## What the exercise asks
Only the stretch below from the line holding "would not suggest" through the line holding "del Medi Natural." should be restated, word for word and with both ends included; pictures stay out.

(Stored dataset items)
※ ※ ※

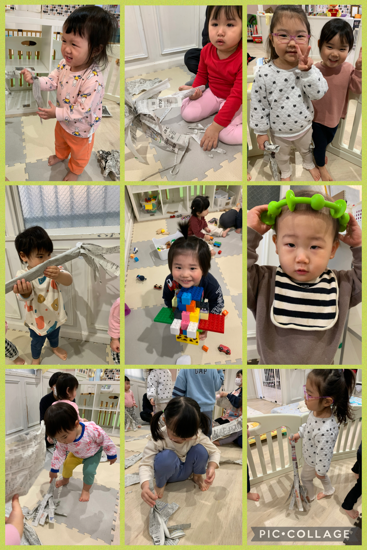 新聞紙遊びやブロックなど、お部屋遊びを満喫した1週間でした❣️
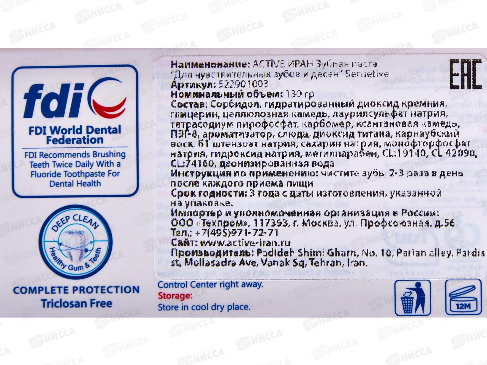 Active Зубная паста Для чувствительных зубов Sensetive без параб 130г *48
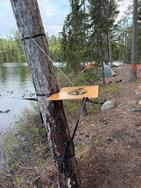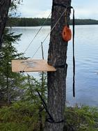 Savage Voyageur: "I would not suggest you use your rope setup. There is too much slack in the cord no matter how tight you get it. Instead fabricate a plywood board that has a cutout for the tree trunk similar to the pictures above. The one’s I’ve made were stabilized with a tree branch to the ground. At the end of the trip you just burn the board in the fire so you don’t have a smelly board in your pack or car. "
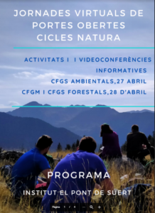 – Dimecres 28 d’abril, a les 19:00h: Cicle formatiu de grau mig d’Aprofitament i Conservació del Medi Natural.
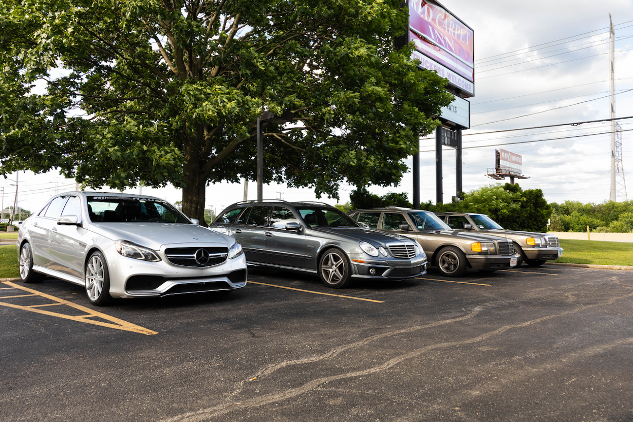 Atlanta to Chicago is an eleven hour drive and nearly 800 miles. It’s a mix of Appalachian foot hills that slowly blends into the vast flatness of the Midwest where the roads are straight and the sky is big. We loaded up my girlfriend’s 2007 Mercedes-Benz E63 AMG wagon with supplies for the weekend and bolted to Nashville as the first stop. It was 100 degrees even as the sun settled behind the treeline. One of the hottest recorded weeks for late June. A phalanx of hyperion cotton candy clouds stood guard behind the stiletto pack skyline of Nashville as we sat on the tailgate of the S211 and ate Jenni’s ice cream on the East End and watched the molten disc of sun squelch its acidic heat beyond the city and hills to the west. While we didn’t own a pre-merger AMG, the S211 AMG was accepted to the 233 West event with open arms. Like pre-merger cars, these E63 wagons, all 153 produced between ‘07 and ‘09, had to be custom ordered by paying customers through dealerships. It’s one of the few post-merger AMGs that replicate the rarity and exclusivity of the per-merger cars. There were not a lot of people who wanted or had the means to buy a 507 horsepower station wagon, especially as the Recession loomed. It was a grotesque display of excess and participated in a dyadic relationship with pre-merger AMGs.

※ ※ ※

## Result
 Savage Voyageur: "I would not suggest you use your rope setup. There is too much slack in the cord no matter how tight you get it. Instead fabricate a plywood board that has a cutout for the tree trunk similar to the pictures above. The one’s I’ve made were stabilized with a tree branch to the ground. At the end of the trip you just burn the board in the fire so you don’t have a smelly board in your pack or car. "
 – Dimecres 28 d’abril, a les 19:00h: Cicle formatiu de grau mig d’Aprofitament i Conservació del Medi Natural.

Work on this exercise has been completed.